How to calculate $2^{\sqrt{2}}$ by hand efficiently?
Solution 1:
${\large\mbox{Hint}}$:
$$ \sqrt{\vphantom{\large A}2\,} = \sqrt{98 \over 49} = {1 \over 7}\,\sqrt{\vphantom{\large A}100 - 2} = {10 \over 7}\,\sqrt{\vphantom{\large A}1 - {1 \over 50}} \approx {10 \over 7}\,\left(1 - {1 \over 2}\,{1 \over 50}\right) = {10 \over 7} - {1 \over 70} $$
Solution 2:
In this question "calculate" and "efficiently" are not well defined. You will need to involve an irrational as the result will be irrational. How many places are you looking for? What resources are acceptable?

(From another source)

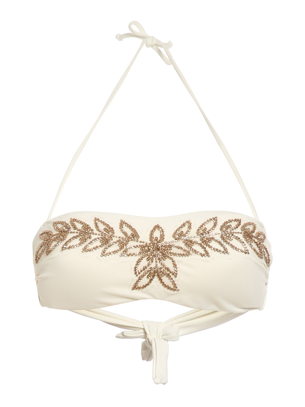 Top de bikini bandeau con cuentas doradas.
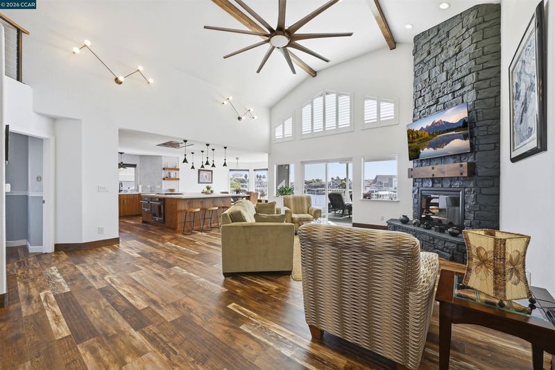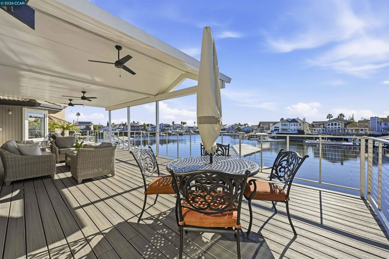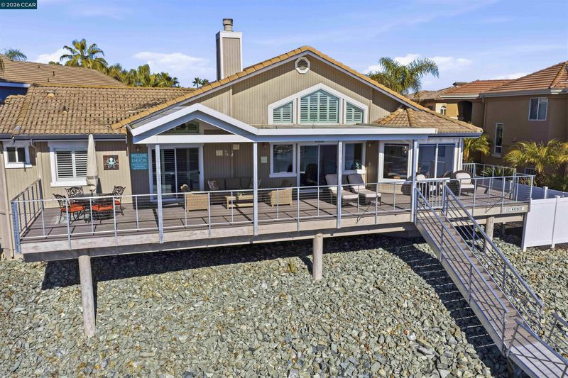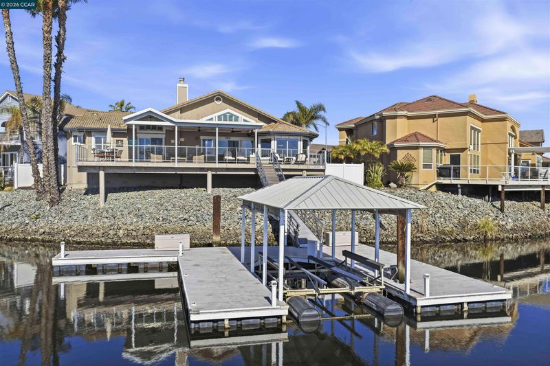 Truly spectacular unique waterfront home with breathtaking panoramic views on a point lot with approx. 116 feet of water frontage. Amazing court location with sought after southern exposure. Oversized U-shaped dock with room for multiple boats, possibly a pool, or whatever your heart desires. Waterfront luxury at its finest. Spacious open floor plan with soaring ceilings and lots of natural light, features massive great room, 3 bedrooms plus huge loft with bar. Remodeled chef’s kitchen is truly exquisite, with custom cabinets, a massive island, slab counters, high-end stainless steel appliances and spacious breakfast nook featuring stunning water views. Lovely primary bedroom features vaulted ceilings and gorgeous water views. Luxurious spa-like primary bathroom features a standalone tub and a walk-in shower. Gorgeous flooring throughout. New Trex decking. Oversized 3 car garage features built-in cabinets. Side yard access. Perfect for indoor/outdoor living and entertaining. Access to over a thousand miles of delta waterways from your backyard!

Alpha will give you $\sqrt 2\approx 1.414213562373095048801688724209698078569671875376948073176679...$and $\log 2\approx 0.693147180559945309417232121458176568075500134360255254120680...$ and more places if you want. For your problem it gives $2^{\sqrt 2} \approx 2.665144142690225188650297249873139848274211313714659492835979...$ If you want truly pencil and paper, I would use $2^{\sqrt 2}=(2\sqrt 2)2^{1.5-\sqrt 2}=(2\sqrt 2)\exp((1.5-\sqrt 2)\log 2)$, evaluate the $\sqrt 2$ by the old-time procedure (see Digit-by-digit calculation here)and the exponential by the Taylor series as the argument is small.
Solution 3:
Notice that $$2^\sqrt2=\sum_{n=0}^\infty \frac{a_n}{n!}$$ where $$a_n = \prod_{k=0}^{n-1} (\sqrt2-k)$$
We can express $a_n$ in the form $b_n+c_n\sqrt2$, through the iterative scheme,
\begin{align} b_{n+1} &= 2c_n-nb_n&\qquad c_{n+1} &= b_n-nc_n\\ b_0&=1&\qquad c_0&=0 \end{align}
So we have $$ 2^\sqrt2 = \sum_{n=0}^\infty \frac{b_n}{n!}+\sqrt2\sum_{n=0}^\infty \frac{c_n}{n!} $$ Note that $b_n$ and $c_n$ each grow faster than $n!$; the sums must be evaluated together. From here, you can replace $\sqrt2$ with your choice of infinite sum that evaluates to $\sqrt2$, such as
$$ \sqrt{2} = \sum_{m=0}^\infty (-1)^{m+1}\frac{(2m-3)!!}{(2m)!!} $$ (where $n!!$ is the double factorial), and change the order of summation for the product of terms. The specific choice of sum will influence the speed of convergence. Taken directly, the sum is alternating, so convergence acceleration should be particularly useful.